You'll want to change your sub wanted { ... } declaration to a lexically scoped, anonymous sub:
my $wanted = sub {
print "\twanted->result is '$result'\n";
...
};
and invoke File::Find::find as
find($wanted, $_[1])
Here, $wanted is a run-time declaration for a subroutine, and it gets redefined with the current reference to $result in every separate call to &firstDirWithFileUnder.
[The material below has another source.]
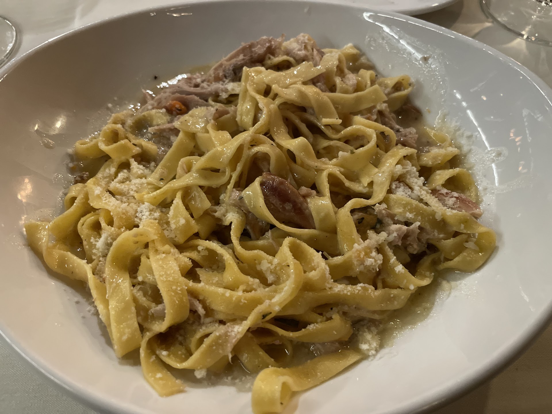 Good food but not amazing, service needs some work. Here’s an honest review. First time dining here. Had a reservation for 8:30, got seated early and opted for the outdoor patio, very beautiful view of river and you could hear it going by which was nice. Ordered 2 appetizers, one was good and the other (scallops) was amazing, probably one of the best scallop dishes we have had. For entrees we ordered 2 of the freshly made pastas, they were good but by no means mind blowing. I ordered the rabbit fettuccini and was very disappointed to have found 3 bones, 2 of them fairly large and 2 other pieces of hard tendon or cartilage. With a rustic dish like that maybe 1 small bone would be able to be looked past, but the size and quantity of them for this caliper restaurant was a pretty big disappointment. It wasn’t enjoyable to take each bite and fish around feeling for bones. I had them set aside and the waiter noticed them (I didn’t complain to him about it or even menrtion it) and he comped our dessert at the end which was a nice gesture. The dessert we got was the chocolate molten cake, it was very good. I also ordered a glass of wine with my dish based on the waiters recommendation and it paired very nicely. The busser who clears dishes as you eat and refilled waters walked past me 4 times with an empty water glass right on the edge of the table and never filled it, and he looked right at it. He finally made some rounds with water, ran out at the table before ours, and then skipped our table to get a bottle of sparkiling water for newly sat table and never came back to finish filling the other tables waters. I had to finally ask him for water. That kind of thing is unacceptable when spending decent money at a place like this. I heard the table across making some similar comments about both the waiter and the busser not being very attentive. Same with our waiter, he did ok but definitely not great with attentiveness. Maybe they were short staffed on the patio, but again at certain calibers of restaurants you expect a certain level of service. Leaving an empty water for 15 minutes is just not acceptable and should never happen with a properly trained staff. 2x during the service we had someone try to deliver dishes to us that we did not order, again not typical for a well trained staff at an upscale place. Also we were never offered or given a bread basket which it seemed the tables around us had, again another little thing but all these mistakes would not be expected for a nicer place. Overall I would come back and definitely want to sit on the patio again as the atmosphere by the river was one of the highlights. Food was good but not amazing other than the scallops and dessert, so next time we will try other main courses. Hopefully the service errors was just a bad night for them and won’t happen next time, we will give them another...

Update: This code snippet may prove instructive:
sub foo {
my $foo = 0; # lexical variable
$bar = 0; # global variable
sub compiletime {
print "compile foo is ", ++$foo, " ", \$foo, "\n";
print "compile bar is ", ++$bar, " ", \$bar, "\n";
}
my $runtime = sub {
print "runtime foo is ", ++$foo, " ", \$foo, "\n";
print "runtime bar is ", ++$bar, " ", \$bar, "\n";
};
&compiletime;
&$runtime;
print "----------------\n";
push #baz, \$foo; # explained below
}
&foo for 1..3;
Typical output:
compile foo is 1 SCALAR(0xac18c0)
compile bar is 1 SCALAR(0xac1938)
runtime foo is 2 SCALAR(0xac18c0)
runtime bar is 2 SCALAR(0xac1938)
----------------
compile foo is 3 SCALAR(0xac18c0)
compile bar is 1 SCALAR(0xac1938)
runtime foo is 1 SCALAR(0xa63d18)
runtime bar is 2 SCALAR(0xac1938)
----------------
compile foo is 4 SCALAR(0xac18c0)
compile bar is 1 SCALAR(0xac1938)
runtime foo is 1 SCALAR(0xac1db8)
runtime bar is 2 SCALAR(0xac1938)
----------------
Note that the compile time $foo always refers to the same variable SCALAR(0xac18c0), and that this is also the run time $foo THE FIRST TIME the function is run.
The last line of &foo, push #baz,\$foo is included in this example so that $foo doesn't get garbage collected at the end of &foo. Otherwise, the 2nd and 3rd runtime $foo might point to the same address, even though they refer to different variables (the memory is reallocated each time the variable is declared).